For me, single LED lights are well suited for road cycling and daily commuting when not so much light is required and where size, weight and ease of use are more important.
Having just a single LED has its limitations as a mountain bike light but if you are looking for wireless bike lights set up with replaceable batteries, this is well worth looking at. Running them as twin set up: bar and helmet lights, and once properly adjusted, they provided me with a good workable and neutral beam during one of our forest night ride.















The WIZ 1 & 2 are very user friendly cycle lights, which will also double up in the summer as a flashlights.
As to which one to choose, this depends on your specify requirements; weight/size versus runtime. 
I think this is a very serious competitor to lights like the Cateye Volt 800, Exposure Joystick and other high power single LED wireless bike lights.
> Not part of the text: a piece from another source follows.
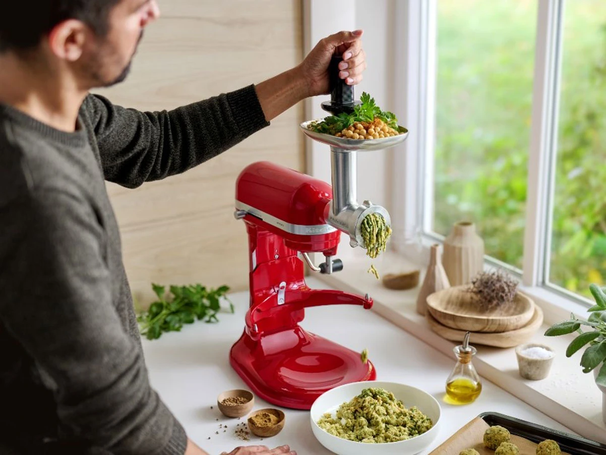 Проектиран да осигури превъзходна производителност и издръжливост, многофункционалният миксер Heavy Duty® предлага голяма творческа свобода чрез множеството налични аксесоари. Предната главина за закрепване на допълнителни аксесоари, патентована от KitchenAid, се използва от първия миксер, произведен през 1919 г. По този начин можете да прикрепите допълнителните аксесоари към предната главина, независимо от годината на производство или модела на стоящия миксер.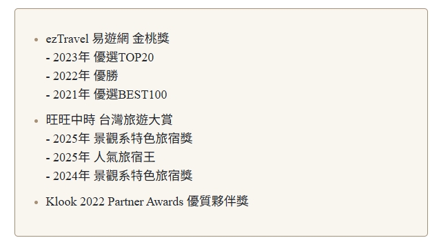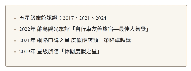 2025年 《 台灣觀光永續獎》—永續旅宿獎銀級、《環境部》金級環保標章旅館認證、《2025第二屆旺旺中時台灣旅遊大賞》景觀系特色旅宿獎、《2025第二屆旺旺中時台灣旅遊大賞》人氣旅宿王、澎湖國際海上花火節贊助

I am certainly looking forward to seeing more products from ITUO.
The two lights have been sent to me direct from China by the manufacturer for review, so at the present time, I am not aware of local UK retailers. I also understand that the light retails at $99.95 for the WIZ1 and $89.95 for the WIZ2
prices from ITUO website http://www.ituoworld.com

_Personal notes regarding lights. 
I am a MTB ride leader with my local cycling club in the South of England and an independent - occasional LED lights reviewer. I also ride to work every day; sun, rain or snow. The lights I reviews, are not necessary my own choice of lights for my riding, but I have tried and tested them in real cycling. Choice of lights are very personal and the type of ridding you do should influence the type of light you choose. Factors like; run time, light levels, type of flash modes, LED tint, size, bike attachment, way of recharging the battery, usability when off the bike can be as if not more important that the number of LEDs and number of advertised lumens. More is not always better!_

14 Nov2015 update
I have just received an email from a firm brightbikelights.com to let me know that they are the UK distributor. Great news for UK riders.

Since the clocks went backwards here in the UK, I have been using my two sample lights during my daily commute (DONE AT NIGHT ON LIT ROADS)

Wiz1 is on my bar and WIZ2 on my helmet.
this is my preferred settings for my commuting
day time helmet light in the twin flash mode, bar off
night time helmet light in medium mode and bar light in the warning flash mode(this is a constant mode with a pulse).

Skyraider59​


----------



## varider (Nov 29, 2012)

Nice review. I have a couple of questions.

You say made your own integrating sphere, so shouldn't you get the total lumens as the output? Your chart says lux, I always thought that was intensity at a spot. 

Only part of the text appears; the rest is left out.